▸ THE PROBLEM
If a picture appears, leave it out, and reproduce exactly the lines from the start of the listing below through the one bearing "Now, step 3, we".

▸ SOURCE DATA
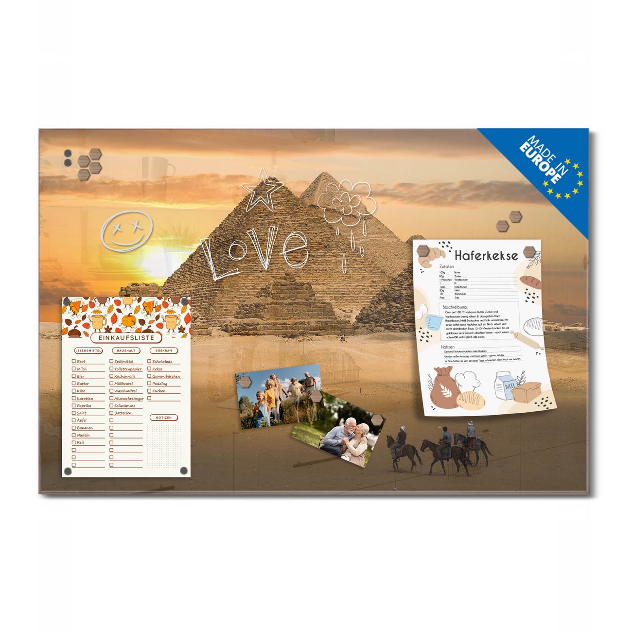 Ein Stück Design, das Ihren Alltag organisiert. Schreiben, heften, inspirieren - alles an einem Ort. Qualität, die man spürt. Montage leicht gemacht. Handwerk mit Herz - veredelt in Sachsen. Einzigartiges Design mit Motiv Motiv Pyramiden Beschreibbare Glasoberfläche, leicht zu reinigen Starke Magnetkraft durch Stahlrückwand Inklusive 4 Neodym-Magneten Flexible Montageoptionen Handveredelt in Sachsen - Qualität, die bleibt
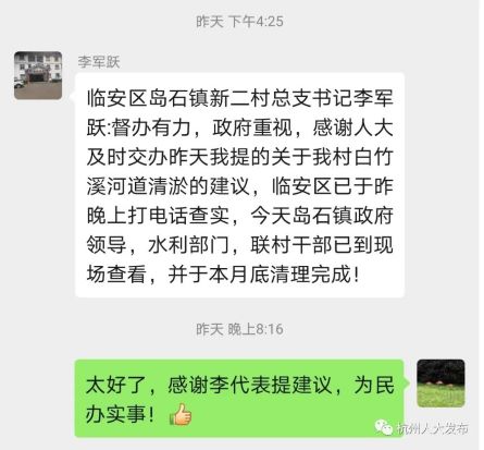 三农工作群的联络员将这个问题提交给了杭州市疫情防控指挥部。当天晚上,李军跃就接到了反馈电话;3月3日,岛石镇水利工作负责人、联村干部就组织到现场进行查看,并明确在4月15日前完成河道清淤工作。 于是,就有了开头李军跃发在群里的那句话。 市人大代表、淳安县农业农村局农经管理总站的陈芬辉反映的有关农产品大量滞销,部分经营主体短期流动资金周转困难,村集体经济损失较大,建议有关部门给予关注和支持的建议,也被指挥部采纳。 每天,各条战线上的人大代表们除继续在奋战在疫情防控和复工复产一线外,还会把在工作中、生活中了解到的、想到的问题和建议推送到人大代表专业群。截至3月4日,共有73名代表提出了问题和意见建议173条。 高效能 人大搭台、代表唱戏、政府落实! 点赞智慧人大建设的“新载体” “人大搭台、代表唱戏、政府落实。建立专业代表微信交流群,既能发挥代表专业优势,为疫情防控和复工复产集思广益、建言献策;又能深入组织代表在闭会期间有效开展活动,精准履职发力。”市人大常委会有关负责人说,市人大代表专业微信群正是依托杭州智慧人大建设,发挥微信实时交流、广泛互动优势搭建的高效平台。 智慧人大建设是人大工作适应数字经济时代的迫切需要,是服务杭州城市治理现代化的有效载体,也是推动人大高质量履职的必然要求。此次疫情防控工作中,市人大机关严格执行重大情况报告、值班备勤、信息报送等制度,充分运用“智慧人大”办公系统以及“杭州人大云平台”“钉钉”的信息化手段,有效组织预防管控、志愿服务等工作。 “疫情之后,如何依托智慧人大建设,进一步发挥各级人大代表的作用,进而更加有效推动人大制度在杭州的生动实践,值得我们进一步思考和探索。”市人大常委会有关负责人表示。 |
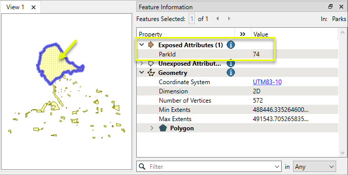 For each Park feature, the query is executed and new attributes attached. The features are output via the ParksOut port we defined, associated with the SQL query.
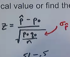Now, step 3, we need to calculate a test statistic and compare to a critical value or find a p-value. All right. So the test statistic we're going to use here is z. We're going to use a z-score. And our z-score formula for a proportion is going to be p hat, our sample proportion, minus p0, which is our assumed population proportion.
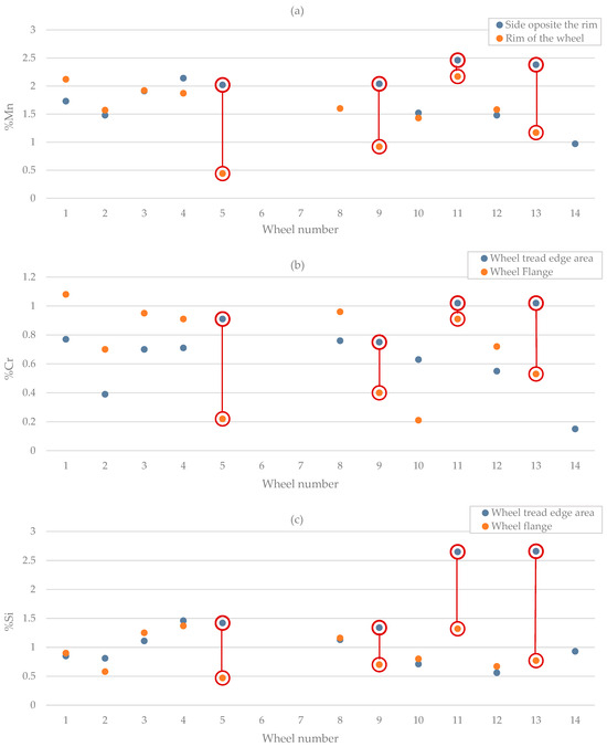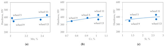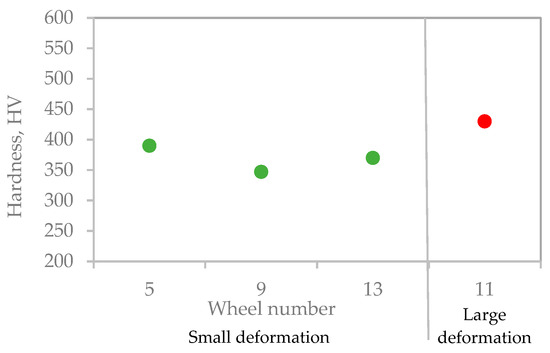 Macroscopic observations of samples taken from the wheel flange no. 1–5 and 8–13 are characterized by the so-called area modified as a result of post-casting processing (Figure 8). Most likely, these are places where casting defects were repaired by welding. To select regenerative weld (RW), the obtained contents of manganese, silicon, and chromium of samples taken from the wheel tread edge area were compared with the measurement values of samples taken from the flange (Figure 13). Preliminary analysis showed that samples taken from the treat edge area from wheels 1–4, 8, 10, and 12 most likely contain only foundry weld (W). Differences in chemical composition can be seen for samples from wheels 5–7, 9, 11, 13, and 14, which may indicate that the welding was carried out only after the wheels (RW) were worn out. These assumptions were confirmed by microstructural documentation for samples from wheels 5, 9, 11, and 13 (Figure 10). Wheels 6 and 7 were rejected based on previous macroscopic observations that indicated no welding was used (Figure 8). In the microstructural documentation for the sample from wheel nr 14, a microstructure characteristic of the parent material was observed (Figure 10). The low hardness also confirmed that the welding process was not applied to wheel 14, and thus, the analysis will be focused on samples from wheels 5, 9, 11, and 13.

▸ EXERCISE RESPONSE
 Ein Stück Design, das Ihren Alltag organisiert. Schreiben, heften, inspirieren - alles an einem Ort. Qualität, die man spürt. Montage leicht gemacht. Handwerk mit Herz - veredelt in Sachsen. Einzigartiges Design mit Motiv Motiv Pyramiden Beschreibbare Glasoberfläche, leicht zu reinigen Starke Magnetkraft durch Stahlrückwand Inklusive 4 Neodym-Magneten Flexible Montageoptionen Handveredelt in Sachsen - Qualität, die bleibt
 三农工作群的联络员将这个问题提交给了杭州市疫情防控指挥部。当天晚上,李军跃就接到了反馈电话;3月3日,岛石镇水利工作负责人、联村干部就组织到现场进行查看,并明确在4月15日前完成河道清淤工作。 于是,就有了开头李军跃发在群里的那句话。 市人大代表、淳安县农业农村局农经管理总站的陈芬辉反映的有关农产品大量滞销,部分经营主体短期流动资金周转困难,村集体经济损失较大,建议有关部门给予关注和支持的建议,也被指挥部采纳。 每天,各条战线上的人大代表们除继续在奋战在疫情防控和复工复产一线外,还会把在工作中、生活中了解到的、想到的问题和建议推送到人大代表专业群。截至3月4日,共有73名代表提出了问题和意见建议173条。 高效能 人大搭台、代表唱戏、政府落实! 点赞智慧人大建设的“新载体” “人大搭台、代表唱戏、政府落实。建立专业代表微信交流群,既能发挥代表专业优势,为疫情防控和复工复产集思广益、建言献策;又能深入组织代表在闭会期间有效开展活动,精准履职发力。”市人大常委会有关负责人说,市人大代表专业微信群正是依托杭州智慧人大建设,发挥微信实时交流、广泛互动优势搭建的高效平台。 智慧人大建设是人大工作适应数字经济时代的迫切需要,是服务杭州城市治理现代化的有效载体,也是推动人大高质量履职的必然要求。此次疫情防控工作中,市人大机关严格执行重大情况报告、值班备勤、信息报送等制度,充分运用“智慧人大”办公系统以及“杭州人大云平台”“钉钉”的信息化手段,有效组织预防管控、志愿服务等工作。 “疫情之后,如何依托智慧人大建设,进一步发挥各级人大代表的作用,进而更加有效推动人大制度在杭州的生动实践,值得我们进一步思考和探索。”市人大常委会有关负责人表示。 |
 For each Park feature, the query is executed and new attributes attached. The features are output via the ParksOut port we defined, associated with the SQL query.
Now, step 3, we need to calculate a test statistic and compare to a critical value or find a p-value. All right. So the test statistic we're going to use here is z. We're going to use a z-score. And our z-score formula for a proportion is going to be p hat, our sample proportion, minus p0, which is our assumed population proportion.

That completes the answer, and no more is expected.